Clinical Impact of Guideline-Directed Medical Therapy in Patients with Left Ventricular Assist Device: An International Multicenter Study
Miloud Cherbi, Clément Delmas, Paul Gautier, Karim Benali, Kerstin Bode, Elena Efimova, Alexey Dashkevich, Jackson Liang, John Larson, Blandine Mondesert, Jacinthe Boulet, Pierre-Emmanuel Noly, François Picard, Jean Luc Pasquié, Jean-Baptiste Gourraud, Sandro Ninni, Laurence Jesel, Alexandre Sebestyen, Marylou Para, Jean-Claude Deharo, Frederic Anselme, Laure Champ-Rigot, Soundous M’Rabet, Bertrand Pierre, Romain Eschalier, Mathieu Echivard, Anne-Céline Martin, Nicolas Lellouche, Matteo Pozzi, Pierre Groussin, Erwan Flecher, Vincent Galand, Raphael MartinsAbstract
Background
While guideline-directed medical therapy (GDMT) is recommended for left ventricular assist device (LVAD) recipients, real-world evidence supporting its clinical impact remains limited. This study evaluated the association between GDMT prescription and clinical outcomes in LVAD patients.
Methods
This international retrospective multicenter study included 875 LVAD patients from 22 centers.

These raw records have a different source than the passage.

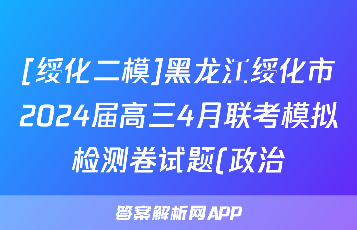 [绥化二模]黑龙江绥化市2024届高三4月联考模拟检测卷试题(政治),目前2025-2026衡水金卷答案网已经汇总了[绥化二模]黑龙江绥化市2024届高三4月联考模拟检测卷试题(政治)的各科答案和试卷,获取更多{{papers_name}}答案解析,请在关注本站。
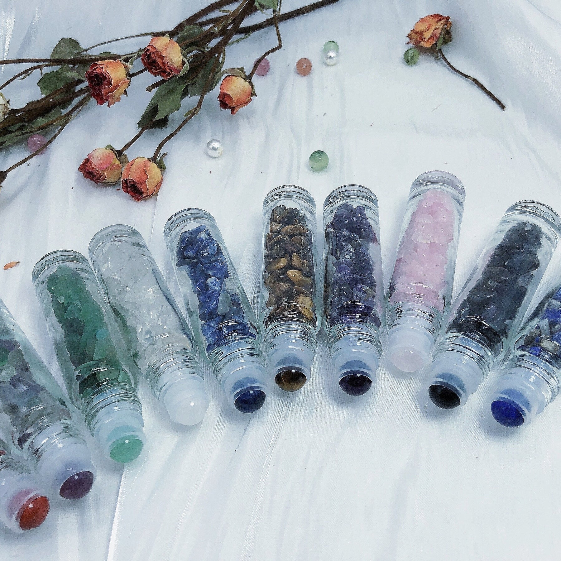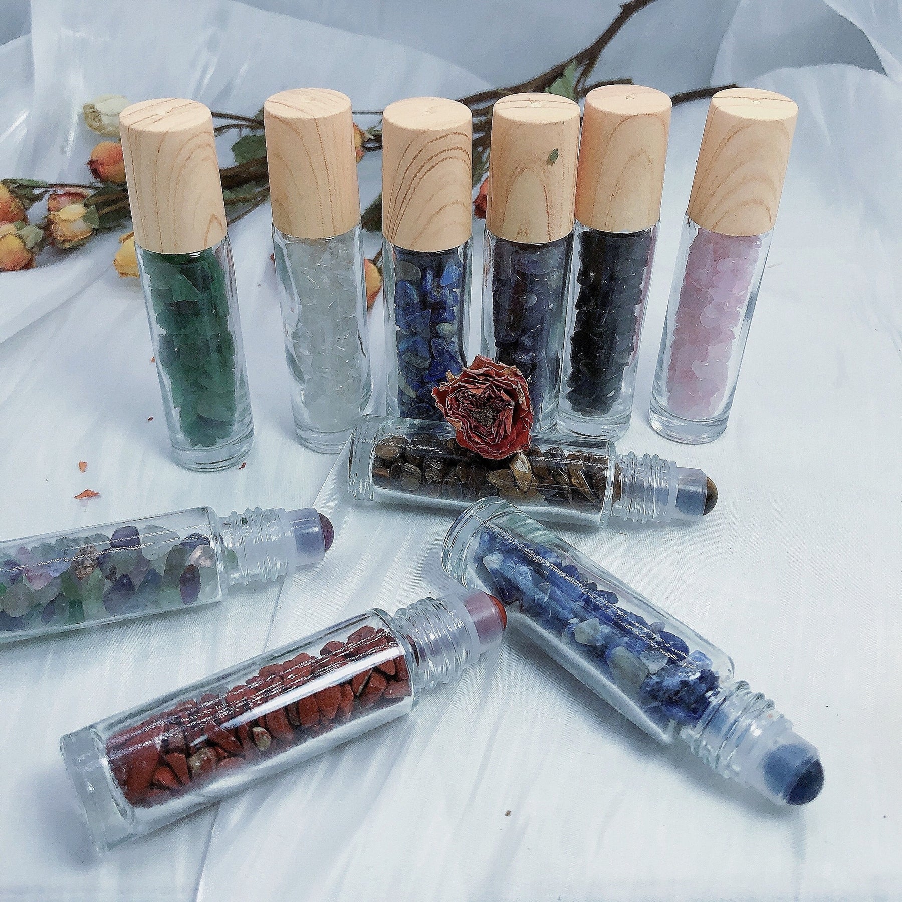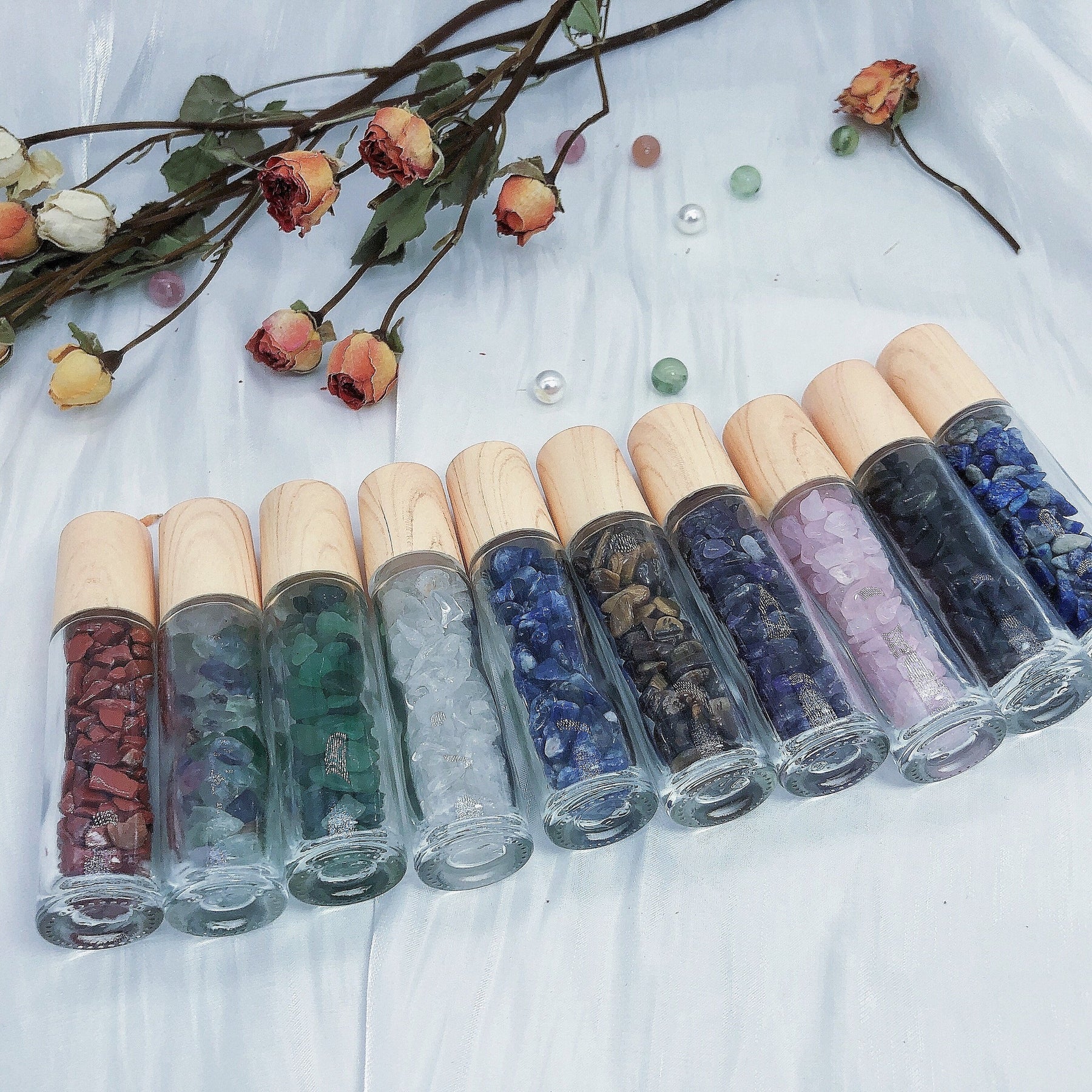 This set includes 5 10ml essential oil glass bottles made with natural gemstones, perfect for traveling or carrying your favorite scents on the go.
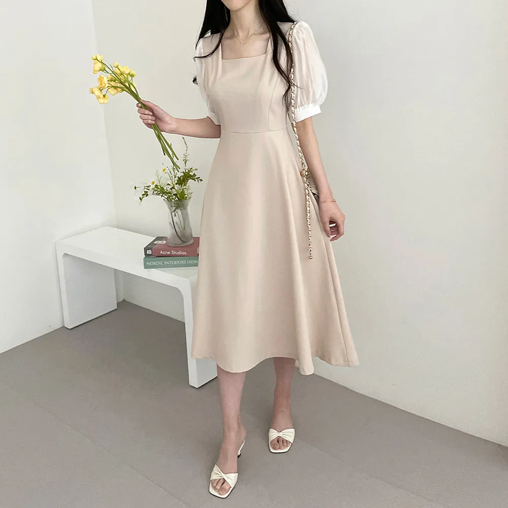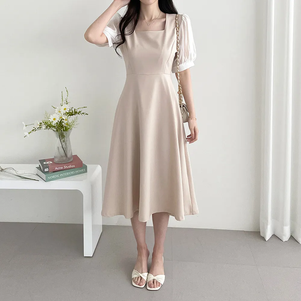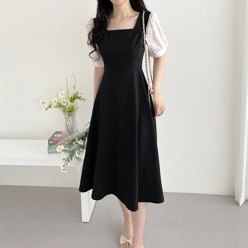・スクエアネック ・配色パフスリーブ
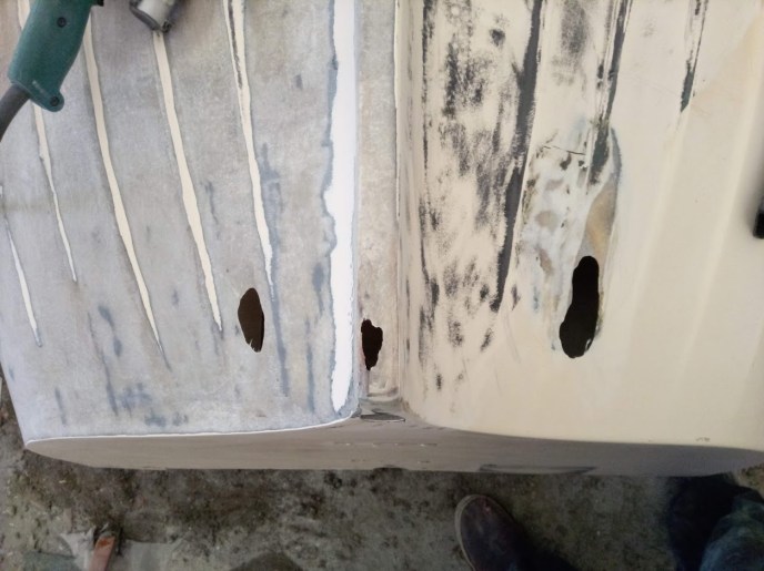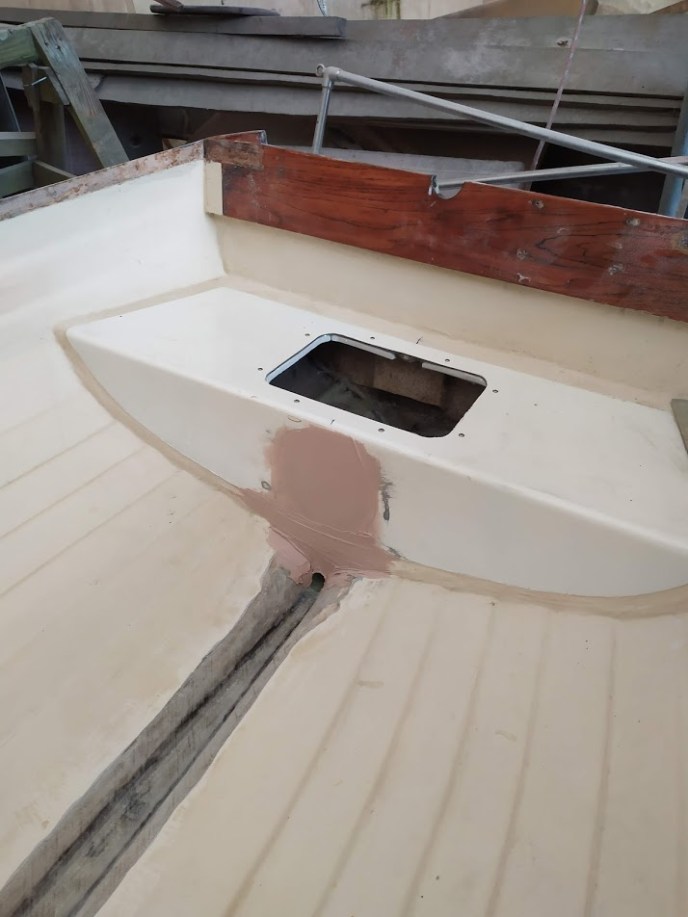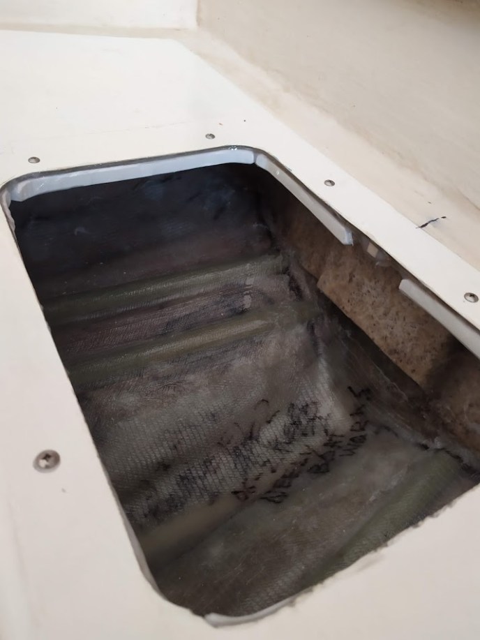In true Prism fashion, we let the “while we are at it” project creep set in. After days of sanding, peeling, and grinding we found a few sections that were more damaged than we thought they were going to be. With Chris, Jons’ little brothers help, we laid up new layers of 1708 with epoxy, glassed-in support stringers, added an aft drain, and created a well/ bilge.
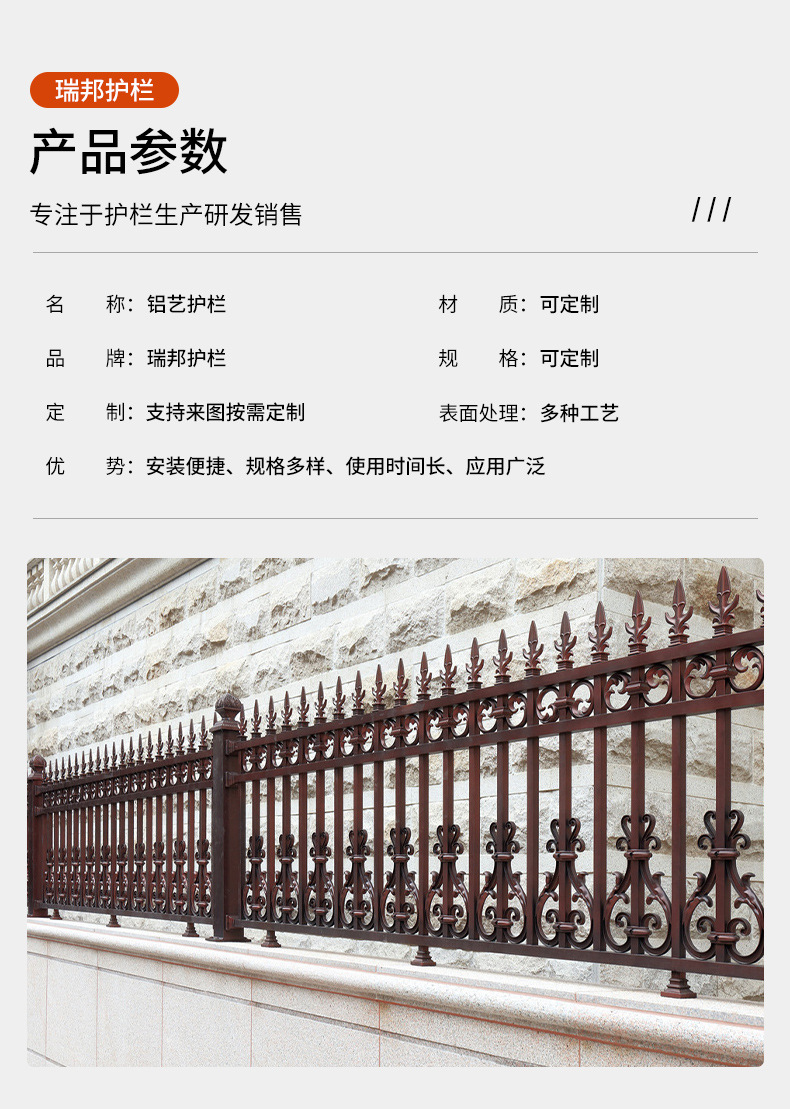 本网页所展示的有关【铝艺护栏铝合金围栏阳台别墅围墙 户外铁艺锌钢栏杆庭院防护栅栏_不锈钢栏杆_吉林省瑞邦建筑集团有限公司】的信息/图片/参数等由建筑云-建筑工程行业的专业平台的会员【吉林省瑞邦建筑集团有限公司】提供,由建筑云-建筑工程行业的专业平台会员【吉林省瑞邦建筑集团有限公司】自行对信息/图片/参数等的真实性、准确性和合法性负责,本平台(本网站)仅提供展示服务,请谨慎交易,因交易而产生的法律关系及法律纠纷由您自行协商解决,本平台(本网站)对此不承担任何责任。您在本网页可以浏览【铝艺护栏铝合金围栏阳台别墅围墙 户外铁艺锌钢栏杆庭院防护栅栏_不锈钢栏杆_吉林省瑞邦建筑集团有限公司】有关的信息/图片/价格等及提供【铝艺护栏铝合金围栏阳台别墅围墙 户外铁艺锌钢栏杆庭院防护栅栏_不锈钢栏杆_吉林省瑞邦建筑集团有限公司】的商家公司简介、联系方式等信息。
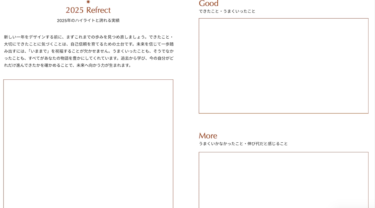 新しい年を始める前に、まず過去の一年を振り返るセクションがあります。「何もない1年だった」なんて思っても、実はいろんな経験を経てきているもの。歩みを無視せずに、丁寧に振り返ることで、自分を受容することにつながります。
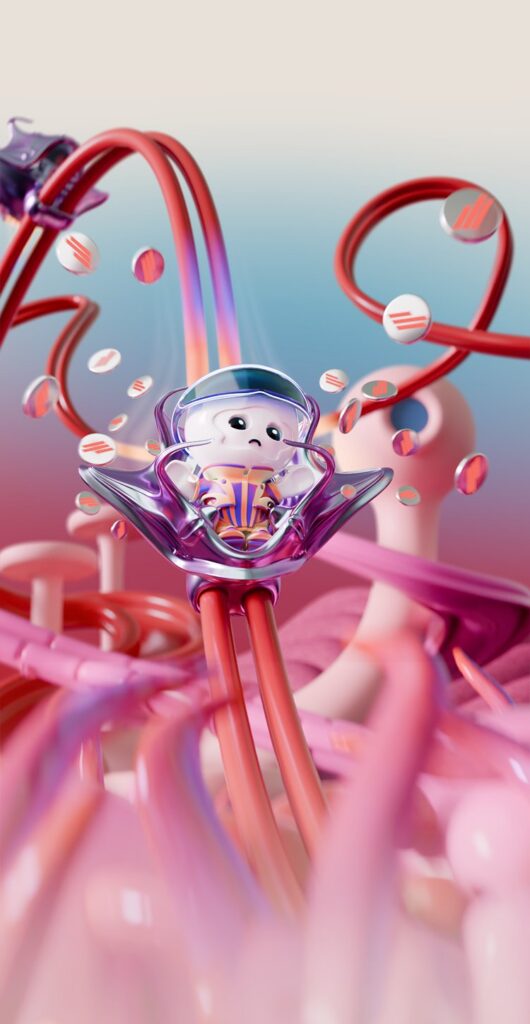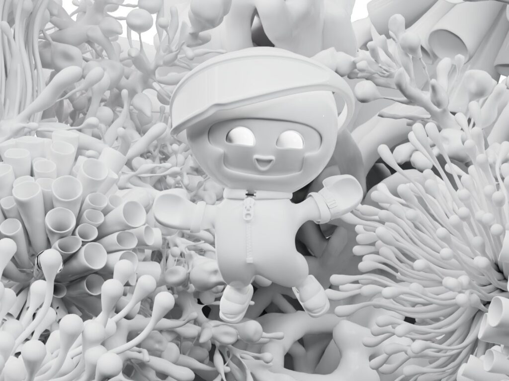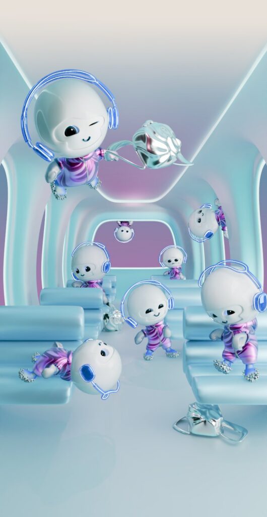 Every asset found in the campaign was designed, and produced from scratch by our CGI team. TABI is wholly animated by hand by one animator in our team, while the reference for the way TABI moves was filmed with a dancer, who was performing on trampolines to capture the fluidity representative of TABI's soft and plushy world. The postproduction is what took the campaign to the next level.

Patients were categorized based on the number of GDMT (ACE-I/ARBs, beta-blockers, MRAs) prescribed. Primary outcome was 6-month all-cause mortality. Secondary outcome was late ventricular arrhythmias (VAs) (>30 days post-implant). Multivariable Cox regression and ordinal logistic regression analyses were performed.
Results
Overall, only 261 patients (29.8%) received triple GDMT, while 97 (11.1%) received no GDMT. After multivariable adjustment, the number of prescribed GDMTs was independently associated with improved survival, with aHRs for all-cause mortality of 0.51 (0.33–0.75, p<0.01) for triple therapy, 0.39 (0.26–0.59, p<0.01) for dual therapy, and 0.45 (0.30–0.67, p<0.01) for single therapy, all compared with no GDMT. Similarly, ACE-I/ARB were associated with a lower risk of late VAs (aHR 0.65 [0.50–0.84], p<0.01). Female sex, diabetes, early VAs, and higher bilirubin levels were associated with lower GDMT prescription rates. Major LVEDD improvement (≥10mm reduction) increased progressively from 51.5% without GDMT to 66.1% with triple therapy.
Conclusion
In this large international study, the use of GDMT in LVAD patients was associated with improved survival, with benefits observed even with single-agent therapy. Despite these benefits, only 30% of patients received optimal triple therapy, highlighting the need for improved implementation strategies and standardized protocols in this population.